Location
- 845 S Lake Street Hustisford, Dodge, Wisconsin 53034 United States
- Coordinates: 43°20′16.2″N 88°36′17.8″W﻿ / ﻿43.337833°N 88.604944°W

Information
- Other name: Hustiford High School
- School type: Public
- School district: School District of Hustisford
- Superintendent: Heather Cramer
- NCES School ID: 550678000738
- Dean: Clint Bushey
- Staff: 17.40 (FTE)
- Teaching staff: 17.40 (on an FTE basis)
- Grades: 6-12
- Student to teacher ratio: 9.08
- Website: www.hustisford.k12.wi.us/high/

= Hustisford Junior/Senior High School =

Hustisford High School is a public high school located in Hustisford, Wisconsin, United States. It serves students in 6th through 12th grade. It is part of the Hustisford School District and is housed in the same building as the John Hustis Elementary school (grades PK–5).

In 2023–24, enrollment in the Hustisford Junior/Senior High School was 156.

==Extracurricular activities==
Student activities include Academic Bowl, FFA, Forensics, Math Bowl, Marching Band, Mock Trial, National Honor Society, Pep Band, Spanish Club, Student Council, and Yearbook.

===Athletics===
The sports offered in fall include football, volleyball, and cheerleading.
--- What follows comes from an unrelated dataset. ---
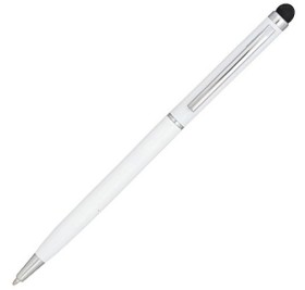 Алюминиевая шариковая ручка Joyce. Тонкая алюминиевая шариковая ручка с поворотным механизмом и стилусом. Алюминиевый корпус с металлическим зажимом и кольцом посередине, остальные элементы из пластика.
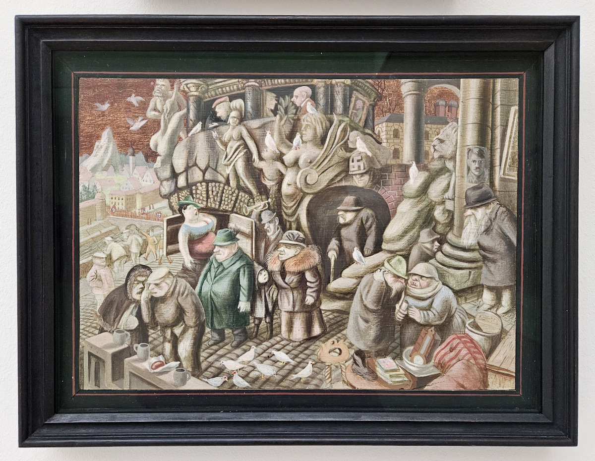 Jacques Hérold (1910 – 1987): Der Kuss, 1962 / Karl Hubbuch (1891 – 1979): München, ca. 1933 (Fotos: Juli 2025)

In winter there are both boys' and girls' basketball, wrestling, and dance. In spring there are baseball, softball, and soccer.

==== Athletic conference affiliation history ====

- Little Five Conference (1929-1935)
- Fox Valley Tri-County League (1955-1970)
- Eastern Suburban Conference (1970-2001)
- Trailways Conference (2001–present)

==Recognition==
The school was named one of the "Best High Schools" in America by U.S. News & World Report in 2010.